3. Threat modeling stage
After collecting sufficient intelligence information, we discuss the obtained information to conduct threat modeling and attack planning, and sort it out to find the most feasible attack channel.
4. Vulnerability analysis stage
After determining the most feasible attack channel, consider how to obtain access control of the target system. The intelligence information acquired and aggregated in the previous stages needs to be analyzed to identify attack points and verified in the environment. Identify unknown security vulnerabilities that can be exploited and develop infiltration code to open up attack channels.

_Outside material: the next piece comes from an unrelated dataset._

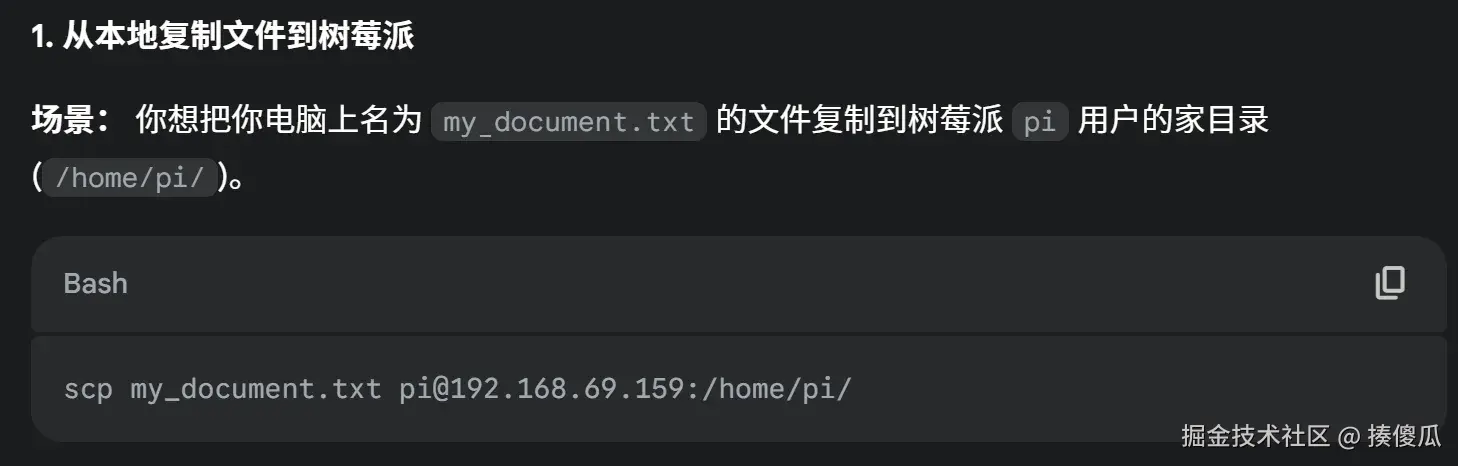 scp 电脑文件地址 (hostname)@(IP)树莓派文件地址,如下图

5. Infiltration attack phase
Using the vulnerabilities found out, the real intrusion system access, black box test penetration testers need to clean up traces
6. Post-penetration test phase
Need according to the target tissue penetration testing team business management pattern, protect assets form and the different characteristics of the safety defense plan independently design target, identify critical infrastructure, and find the organization’s most valuable customers and try to security protection of information assets, achieve finally can cause the most important customer business impact of the attack.
7. Reporting phase
This report provides information on all aspects of the penetration test process, including the penetration test execution process, and helps defenders analyze weaknesses, existing problems, and technical solutions for patching and upgrading the security defense system
Cyber kill chain
Lockheed Martin’s proposed cyberattack model in 2011. Each stage of an attack on a target system is mapped to a real-world intruder.

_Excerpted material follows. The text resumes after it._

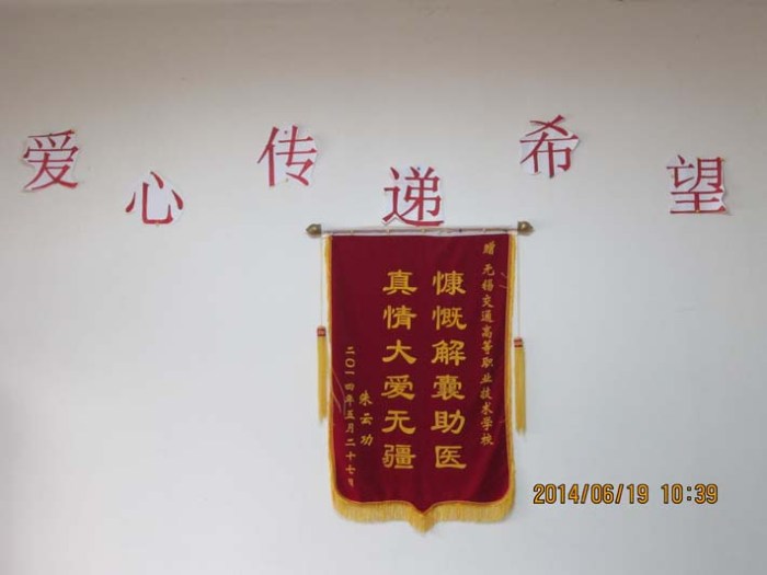 2014年6月10日,為101422班學(xué)生朱孟南同學(xué)家長捐款的儀式在交通工程系系部會議室舉行。交通工程系書記毛蘭霞老師、朱孟南同學(xué)及各班級代表參加了此次儀式。毛書記將飽含交通系師生情誼的14845.5元捐款交給朱孟南,朱孟南代表其全家向全系師生表達(dá)了深深的謝意,并將“慷慨解囊助醫(yī) 真情大愛無疆”錦旗獻(xiàn)給系部。最后,毛書記贊揚(yáng)了全系師生無私的奉獻(xiàn)精神,感謝全系師生用實際行動詮釋了“仁愛”的真諦。祝朱孟南家庭早日渡過難關(guān)!

The first step, target reconnaissance, is similar to the previous PTES intelligence collection stage;
Step 2, Weapon development, writing various tools/backdoors/viruses Exp/Weapon/Malware;
Step 3: payload delivery, where weapons are spread (poison) by means of watering holes and harpoons.
The fourth step, penetration utilization, through vulnerability utilization to obtain the other party’s controller;
Step 5, install the execution, in the target system will backdoor Trojan run up;
Step 6, command control, persistent control to the target;
Step 7, task execution, that is, start the execution of stealing data, damaging the system, etc.
MITRE ATT&CK framework
“ATT&CK framework”, a general knowledge framework proposed by MITRE company in 2013, is called “confrontation tactics, Technology, common sense” in Chinese.

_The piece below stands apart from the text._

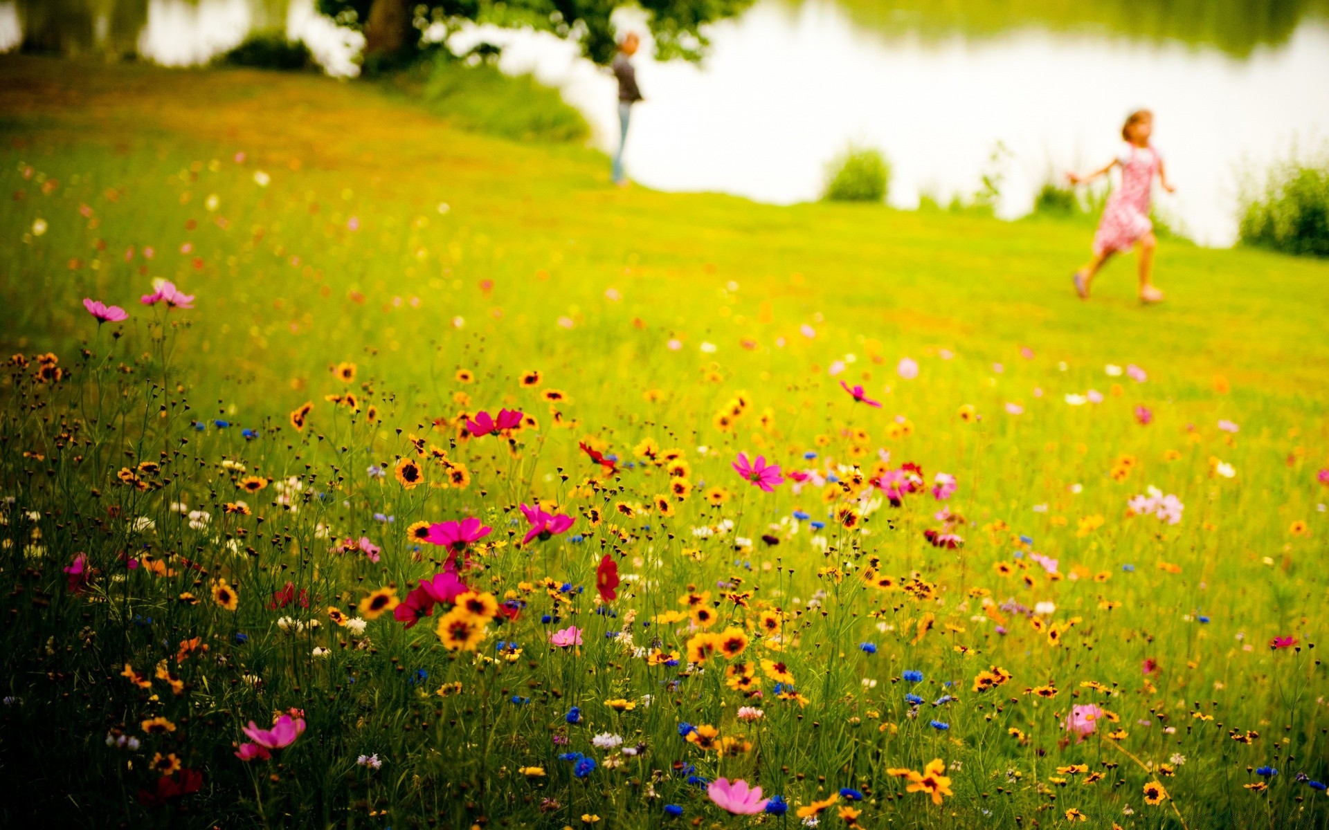 I contrasti della natura sono l'erba verde e il cielo scuro

ATT&CK framework is a reorganized network security knowledge system based on real network space attack and defense cases and data, adopting Tactics, Techniques & Procedures (TTPs) methodology in military warfare, aiming to establish a set of common network security language.
For example, we often hear about APT attacks, threat intelligence, situational awareness and so on. Whether individuals or enterprises have different understandings, there will always be some deviations. With ATT&CK framework, we will not have too much deviation, the red team specific attack, blue team specific how to defend, using ATT&CK matrix can be marked out every detail, attack route and defense process can be graphically displayed, both sides have a set of common language.
ATT&CK consists of three parts, one is PRE ATT&CK, one is ATT&CK for Enterprise, and one is ATT&CK for Mobile. When we study and research, we can focus on ATT&CK for Enterprise.
In this chart, Tactics are represented on the horizontal axis, and in the latest version 12 Tactics are represented on the horizontal axis, up from 10, and Techniques on the vertical axis 156 Techniques and 272 sub-techniques.
ATT&CK
MITRE
MITRE is a non-profit organization in the United States. With the support of the U.S. Department of Defense, the Department of Homeland Security and other government organizations, MITRE operates a number of technology research centers, which are involved in various defense high-tech fields such as network security. MITRE initiated or operated several standards in the field of network security, such as STIX/TAXII 1.0 (STIX/TAXII 2.0 is currently operated by OASIS), knowledge base, such as CAPEC, MAEC, CWE, CVE, ATT&CK, etc. Aiming at threat modeling, attack classification and threat intelligence in network security field, a relatively complete security ecosystem is constructed.
ATT&CK
MITRE’s Adversarial Tactics, Technology and Common Sense framework provides a common language for cyberspace security. Its functions include confrontation simulation, red team infiltration, etc., and can identify battle plans through two-dimensional matrix.
The goal of MITRE ATT&CK is to create an exhaustive list of known adversarial tactics and techniques used in cyber attacks. To put it simply, ATT&CK is MITRE’s “Counter Tactics, Techniques, and Common Sense” framework, which is a well-selected repository of a variety of tactics and enterprise techniques that attackers will use to attack an enterprise.
Tactical tactics
Technology techniques
Multiple techniques for lateral tactics
Mitigations
A defense against an attack
The term
vulnerability
vulnerability
Based on technical classification, there are command execution, permission bypass, injection, weak password, etc. The value can be 0 day, 1 day, or N day based on time
cve
Common Vulnerabilities & Exposures were disclosed. CVE is like a dictionary, giving a common name for a widely recognized information security vulnerability or weakness that has been exposed. If a vulnerability identified in a vulnerability report has a CVE name, you can quickly find the corresponding patch information in any other CVE-compatible database to resolve the security issue.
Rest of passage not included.